It’s possible it’s in the encoder feedback too. As the move command is executed the encoder should measure the move in pulses. This is what’s called a closed loop, an open loop just sends the move command with no way to verify the move. If the encoder signal was intermittent for some reason or the encoder coupling was loose you would lose pulses and the Z would continue to move until the expected pulse count was achieved. If you have a digital or dial indicator you could zero your Z, set the indicator against the collet or router the enter a g0 z-0.1 on the MDI scree that should move the Z down .1 then enter g0 z0 that should move the Z back up to 0. You could do this three or four times just make sure the Z is moving like it should.

After thinking about it a little more I would think it would throw a position error it the encoder pulse count was off. If you have a way to measure it it wouldn’t hurt though.

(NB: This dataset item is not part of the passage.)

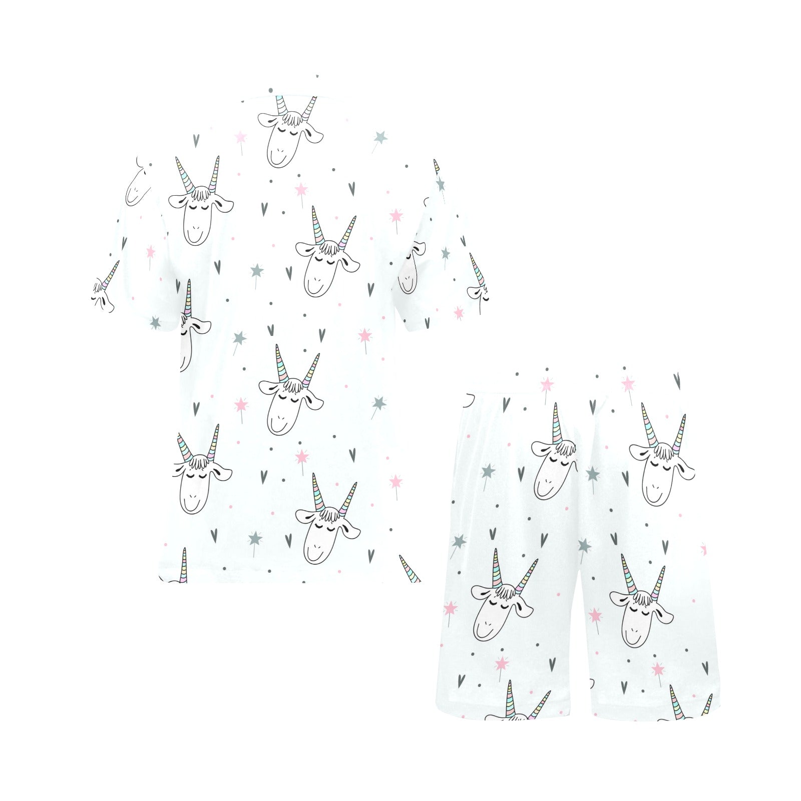 Cute goat design pattern Men's V-Neck Short Pajama Set

the feed was 50 inches/minute

Another newbie here. I just had the same issue in reverse on my router table (my Onefinity Elite is a few months out). I had used this router for some time and when I put in a trim bit for a job, after a few passes, it started lifting in the collet. I checked and sure enough the collet was loose, I tightened it again thinking I must have been absent minded and not tightened it. Unfortunately, after another couple passes, the bit raised up again (ruining two pieces of oak I might add). I am perplexed as to why, everything was clean and tight. Hearing your situation, it sounds eerily familiar and I’m wondering if you’re having the same problem. I also don’t have a solution unfortunately and am concerned about what is happening, a bad bit maybe, it was new after all.

New bits usually come coated in lots of oil to prevent rust. If you don’t get it all off, the bits move pretty easy in the collet.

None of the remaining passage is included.